Print every entry below again exactly as written, skipping the pictures.

(Beginning of Exercise material)

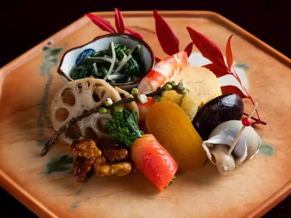 色とりどりの料理を華やかに盛り合わせた『季節の八寸』
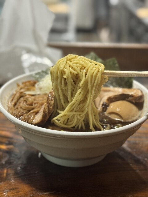 土壁やカウンター上の木の細工が印象的な小料理屋のような落ち着いた雰囲気。 両側にカウンターが背中合わせに配置された珍しい座席レイアウトも特徴。 メニューは中華そば(醤油・塩... 詳細を見る
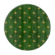 This Irish inspired pattern features metallic gold four leaf clovers on a dark green background.
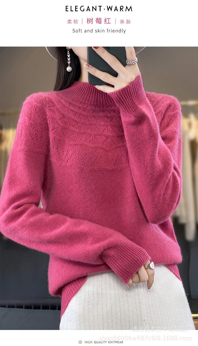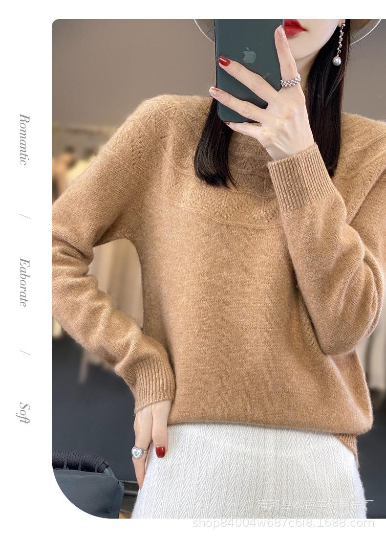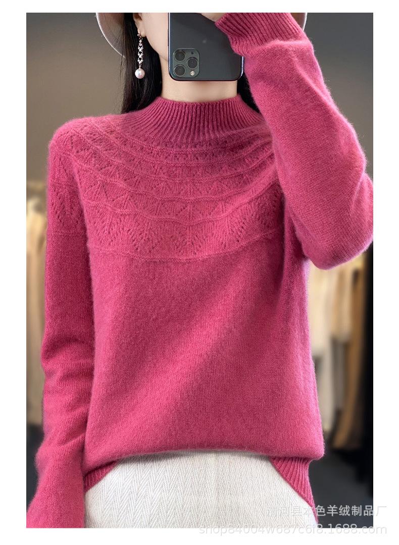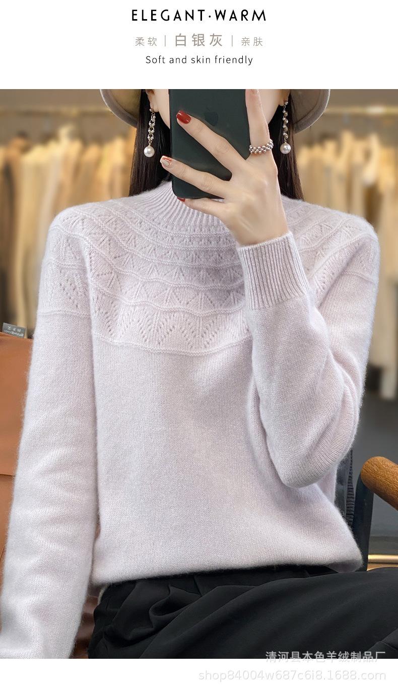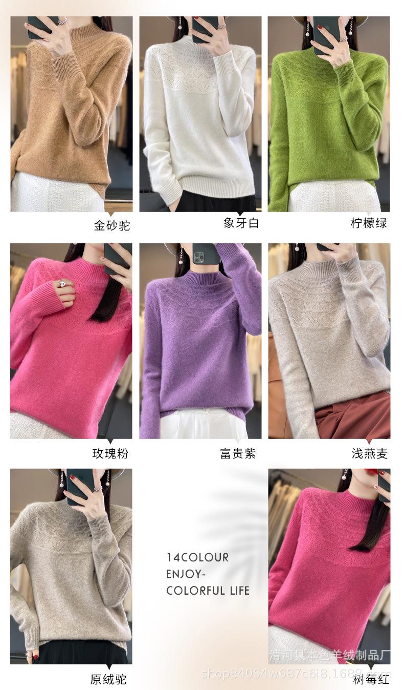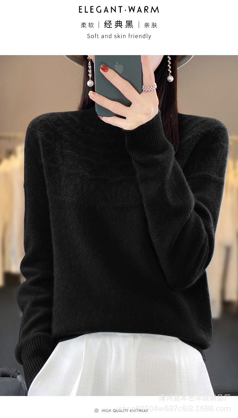 Suéter de manga larga para mujer, jersey holgado y adelgazante de cuello alto medio calado, ropa de primera línea para otoño e invierno
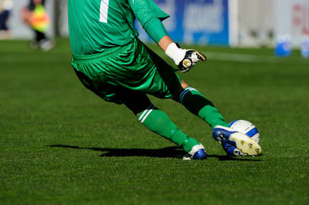 crop football player shooting ball. High quality photo
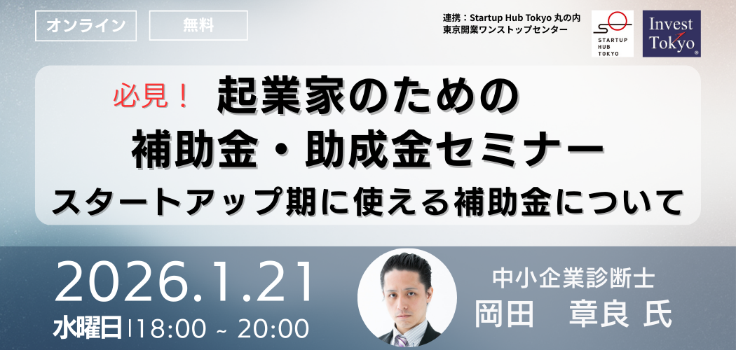 また、東京開業ワンストップセンターでも相談が多い東京都の創業助成金をはじめ、スタートアップ期に使える補助金がどのようなケースで使えるのか、申請する際のポイントについても説明します。
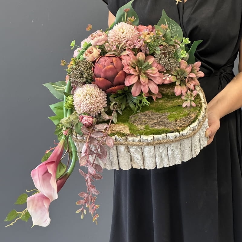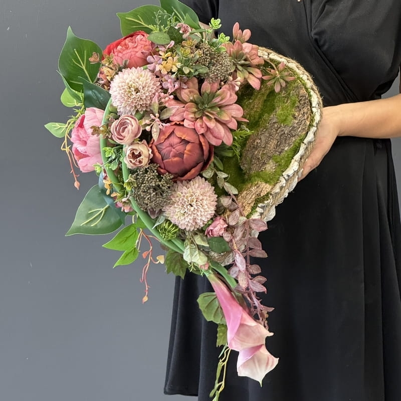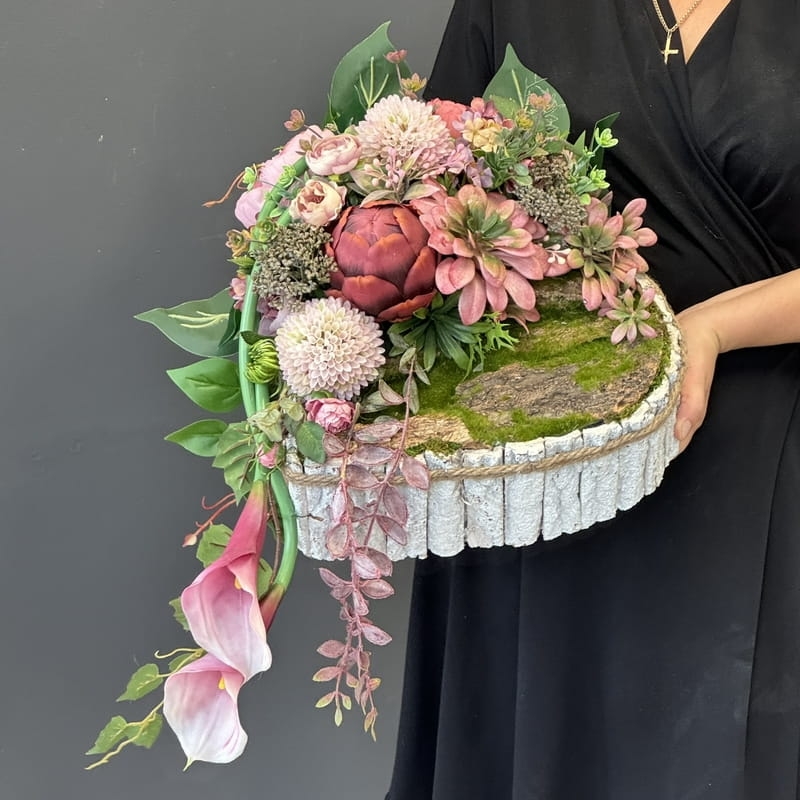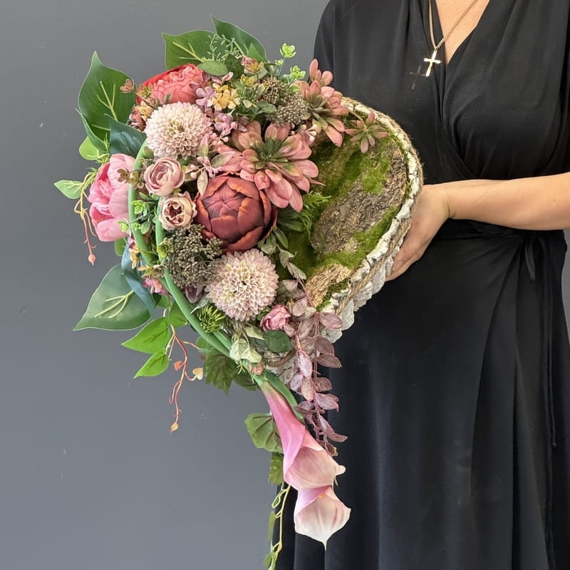 Dekoracja funeralna w postaci kwiatowego serca, gotowego do umieszczenia na płycie nagrobkowej. Postawa serca jest donica obłożona korą. Została dodatkowo obciążona cementem i wypełniona dużą ilością kwiatów w przepięknej, stonowanej kolorystyce. Szczególnego uroku dodają jej gumowe kalie uwydatniające i podkreślające kształt serca.
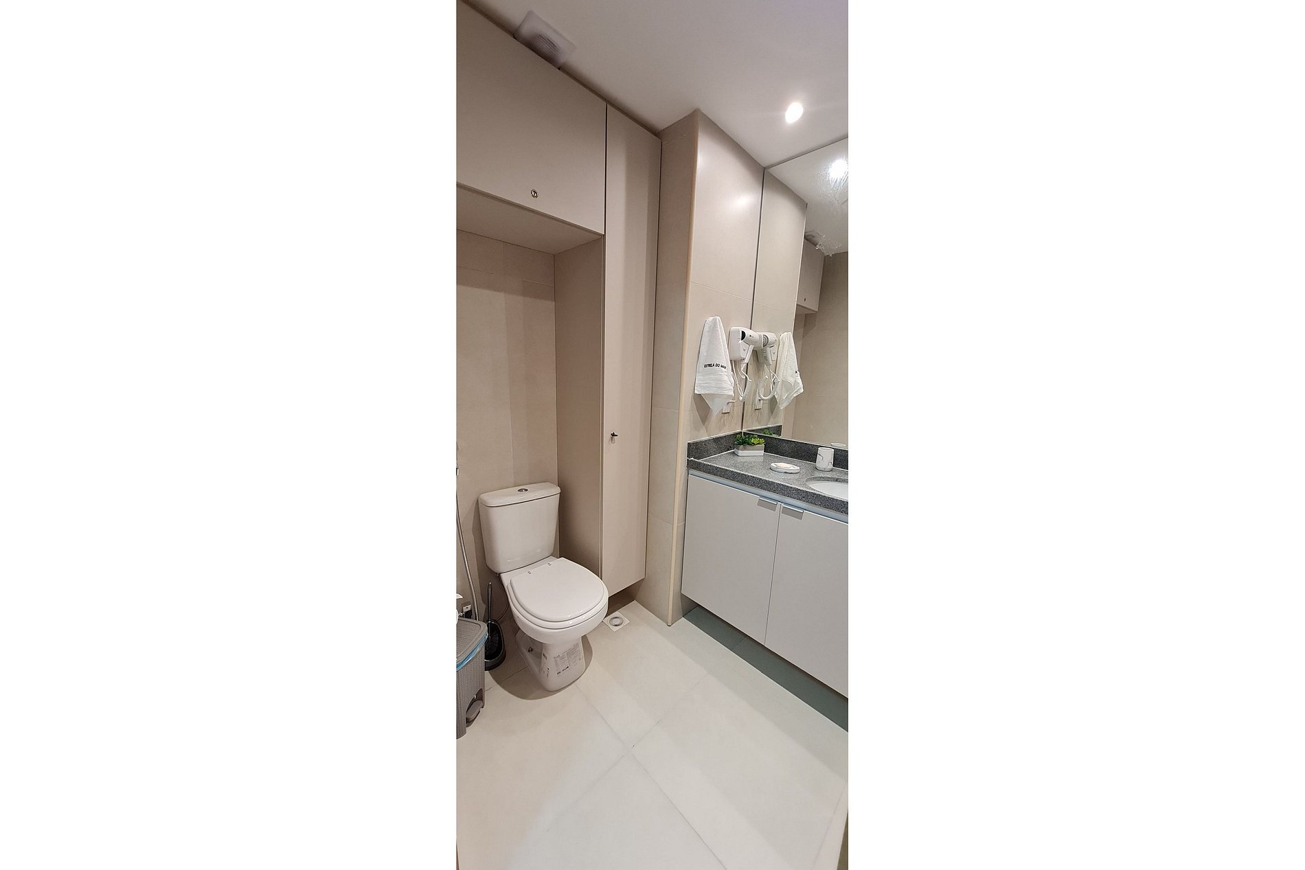 Personal hygiene items, toilet paper, and cleaning products are provided in an initial courtesy amount. Replenishment during the stay must be made by guests.
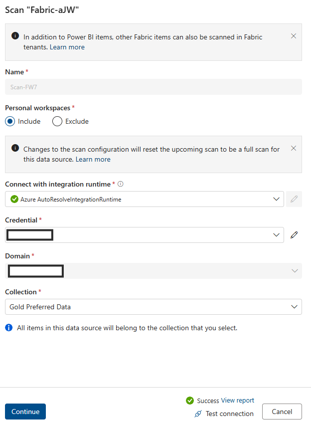 패브릭 레이크하우스를 원본으로 등록한 후 데이터 맵의 등록된 데이터 원본 목록에서 패브릭을 선택하고 새 검사를 선택할 수 있습니다. 데이터 원본 ID를 추가한 다음, 아래 단계를 수행합니다.
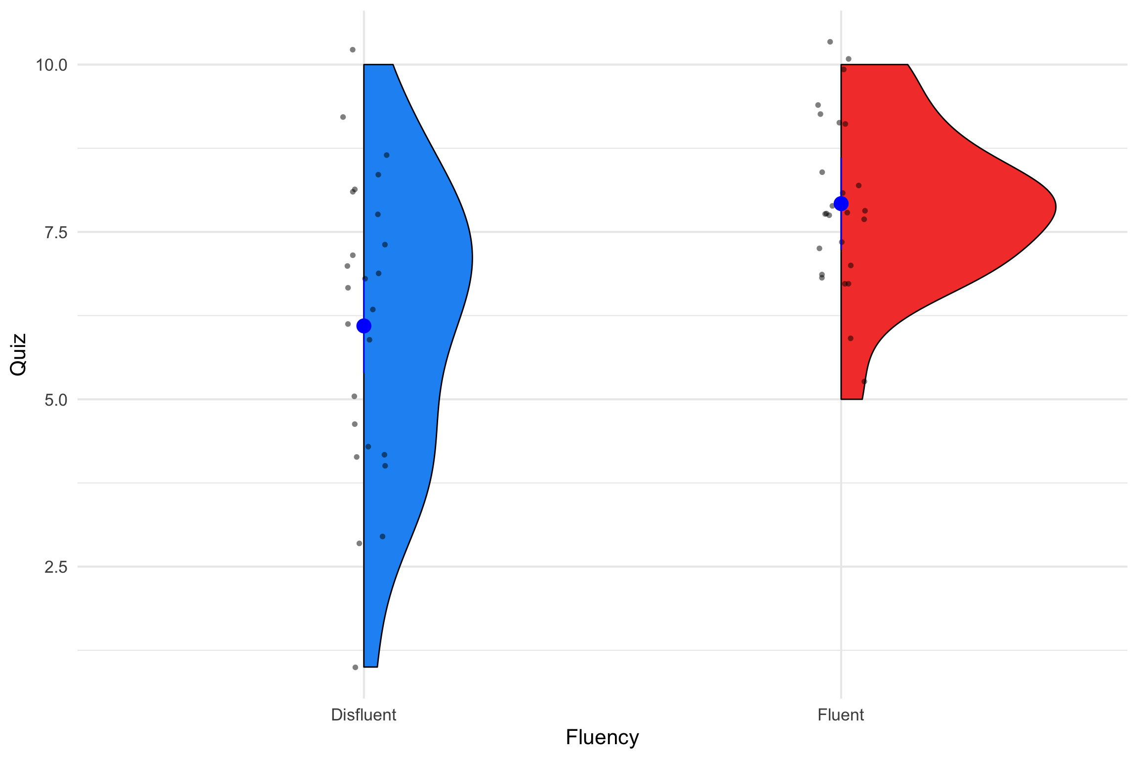 | Full/Alternative model: | `Quiz ~ Fluency + Gender` |
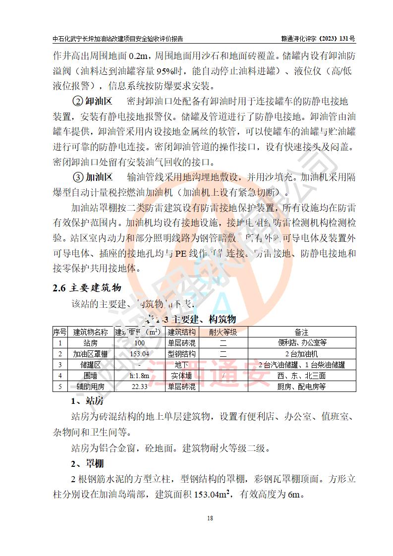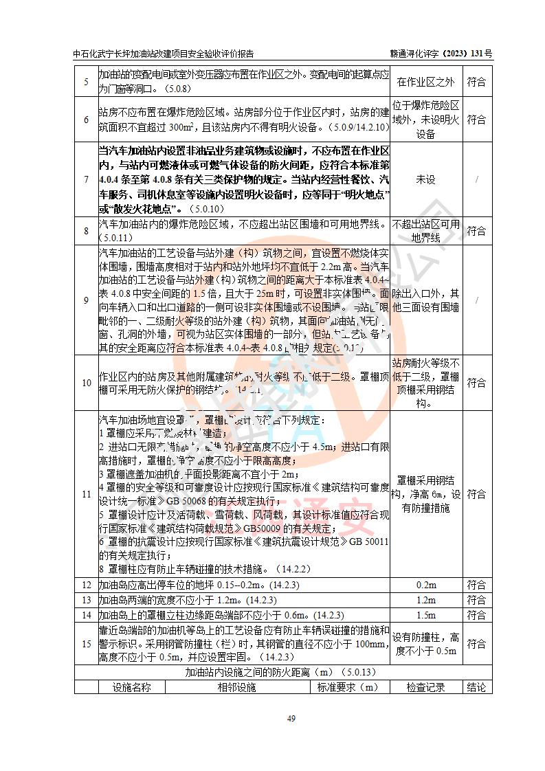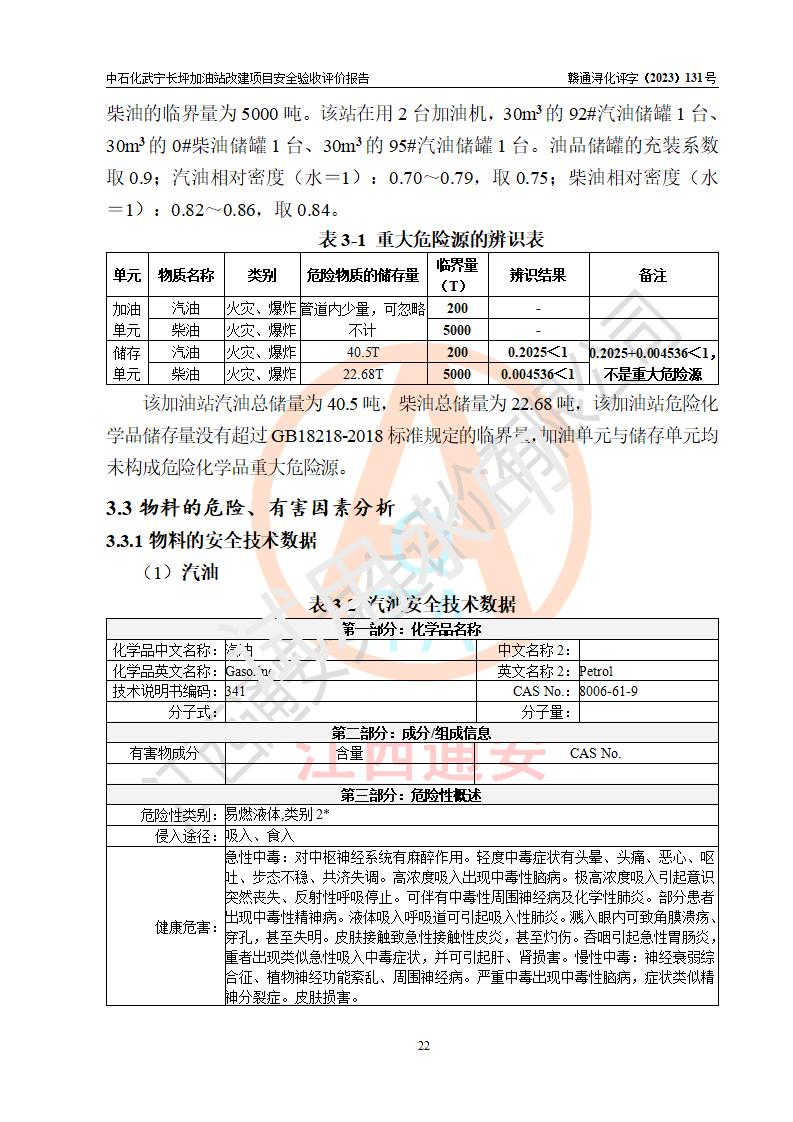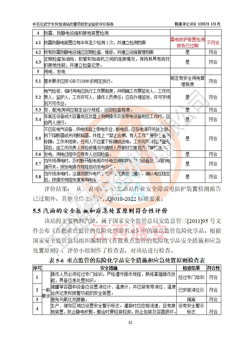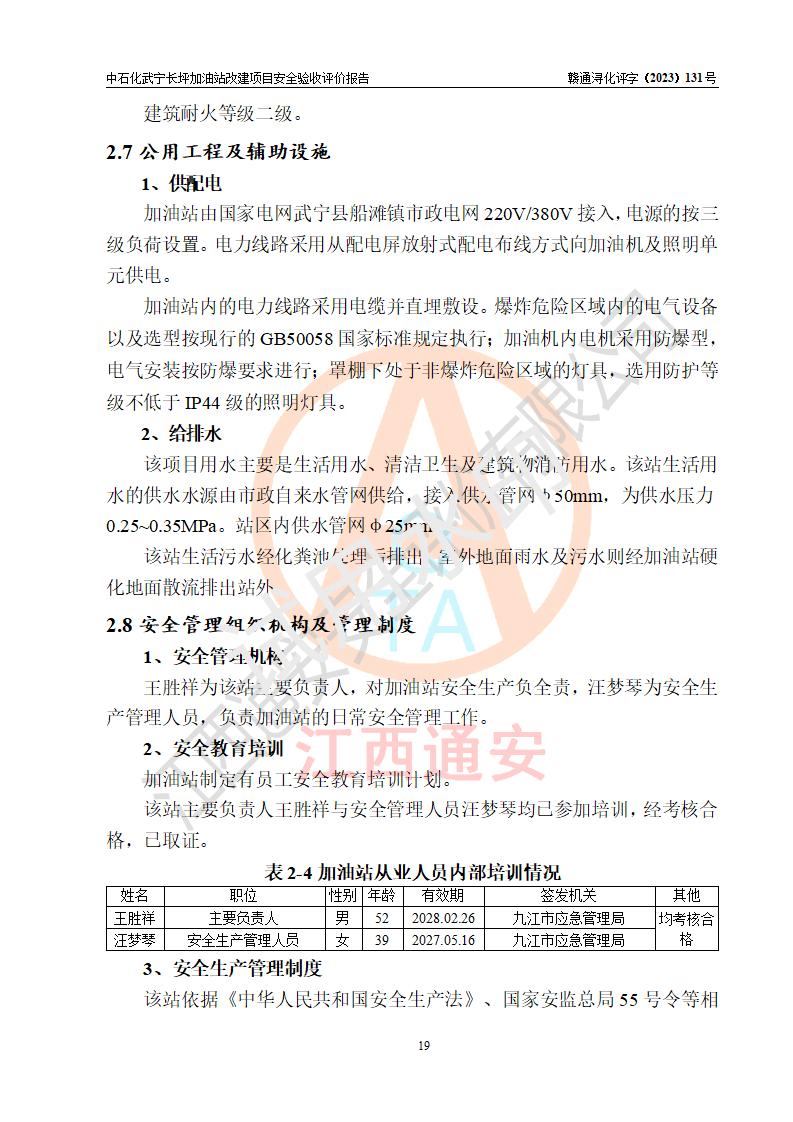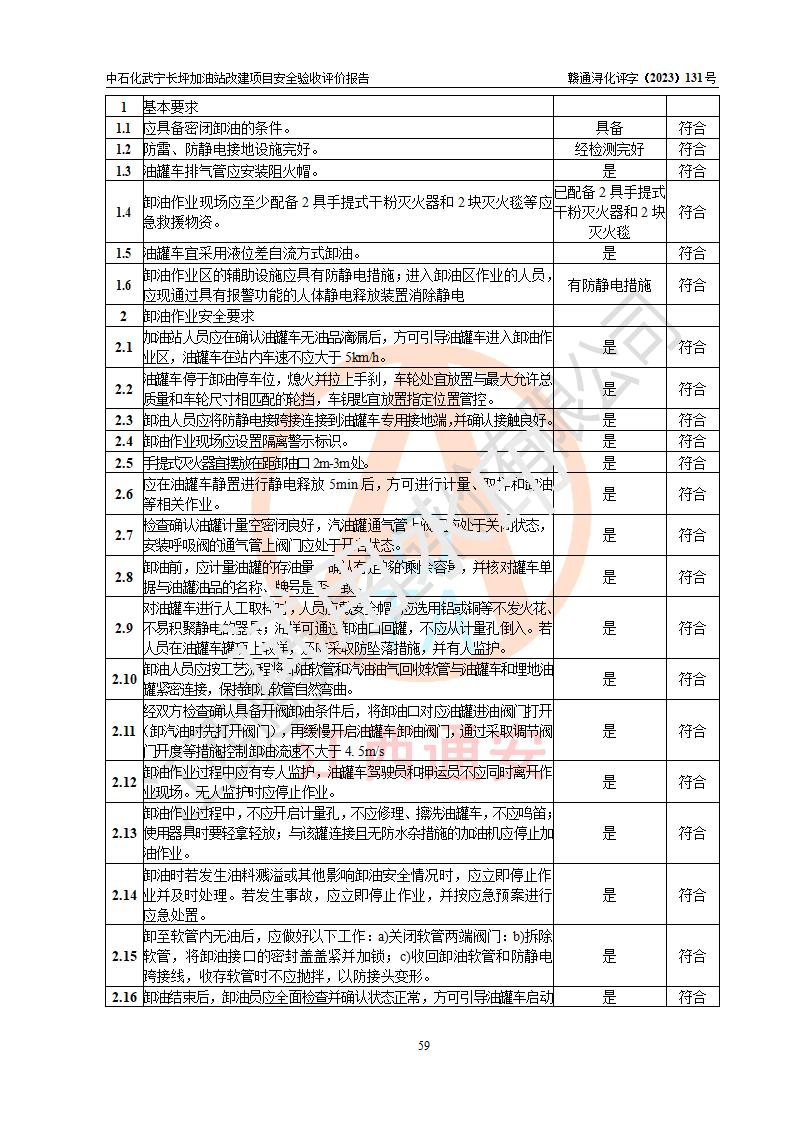 评价结论 | 中国石化销售股份有限公司江西九江武宁石油分公司长坪加油站改建项目涉及的安全条件、安全生产条件、安全生产管理符合《危险化学品经营许可证管理办法》、《汽车加油加气加氢站技术标准》等**有关法规、标准、规范要求,能满足成品油零售经营单位的安全条件,具备项目竣工验收的条件。 | |||
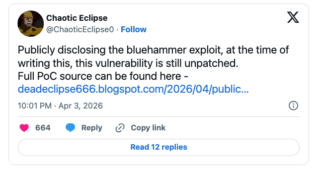 2026/04/07 CyberSecurityNews — Windows 環境に存在する、ゼロデイ・ローカル権限昇格 (LPE) に対する、エクスプロイト BlueHammer と完全な PoC ソースコードが、GitHub 上で公開されている。それらは、Chaotic Eclipse (@ChaoticEclipse0) というエイリアスで活動するセキュリティ研究者により提供されたものであり、実際に機能することが、脆弱性研究者 Will Dormann により確認されている。彼が指摘するのは、Microsoft のセキュリティ対応プロセスが要因となり、適切な調整が行われない状態で、この脆弱性が公開されたことだ。
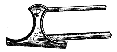 1) врезанной снизу спусковой личинки, или малой скобы, которая служит также для придания большей прочности шейке ложи; в щели личинки проходят спуски (собачки), которые вращаются на шпеньке между стойками личинки;

(End of Exercise material)

- _Exercise result_:
 色とりどりの料理を華やかに盛り合わせた『季節の八寸』
 土壁やカウンター上の木の細工が印象的な小料理屋のような落ち着いた雰囲気。 両側にカウンターが背中合わせに配置された珍しい座席レイアウトも特徴。 メニューは中華そば(醤油・塩... 詳細を見る
 This Irish inspired pattern features metallic gold four leaf clovers on a dark green background.
 Suéter de manga larga para mujer, jersey holgado y adelgazante de cuello alto medio calado, ropa de primera línea para otoño e invierno
 crop football player shooting ball. High quality photo
 また、東京開業ワンストップセンターでも相談が多い東京都の創業助成金をはじめ、スタートアップ期に使える補助金がどのようなケースで使えるのか、申請する際のポイントについても説明します。
 Dekoracja funeralna w postaci kwiatowego serca, gotowego do umieszczenia na płycie nagrobkowej. Postawa serca jest donica obłożona korą. Została dodatkowo obciążona cementem i wypełniona dużą ilością kwiatów w przepięknej, stonowanej kolorystyce. Szczególnego uroku dodają jej gumowe kalie uwydatniające i podkreślające kształt serca.
 Personal hygiene items, toilet paper, and cleaning products are provided in an initial courtesy amount. Replenishment during the stay must be made by guests.
 패브릭 레이크하우스를 원본으로 등록한 후 데이터 맵의 등록된 데이터 원본 목록에서 패브릭을 선택하고 새 검사를 선택할 수 있습니다. 데이터 원본 ID를 추가한 다음, 아래 단계를 수행합니다.
 | Full/Alternative model: | `Quiz ~ Fluency + Gender` |
 评价结论 | 中国石化销售股份有限公司江西九江武宁石油分公司长坪加油站改建项目涉及的安全条件、安全生产条件、安全生产管理符合《危险化学品经营许可证管理办法》、《汽车加油加气加氢站技术标准》等**有关法规、标准、规范要求,能满足成品油零售经营单位的安全条件,具备项目竣工验收的条件。 | |||
 2026/04/07 CyberSecurityNews — Windows 環境に存在する、ゼロデイ・ローカル権限昇格 (LPE) に対する、エクスプロイト BlueHammer と完全な PoC ソースコードが、GitHub 上で公開されている。それらは、Chaotic Eclipse (@ChaoticEclipse0) というエイリアスで活動するセキュリティ研究者により提供されたものであり、実際に機能することが、脆弱性研究者 Will Dormann により確認されている。彼が指摘するのは、Microsoft のセキュリティ対応プロセスが要因となり、適切な調整が行われない状態で、この脆弱性が公開されたことだ。
 1) врезанной снизу спусковой личинки, или малой скобы, которая служит также для придания большей прочности шейке ложи; в щели личинки проходят спуски (собачки), которые вращаются на шпеньке между стойками личинки;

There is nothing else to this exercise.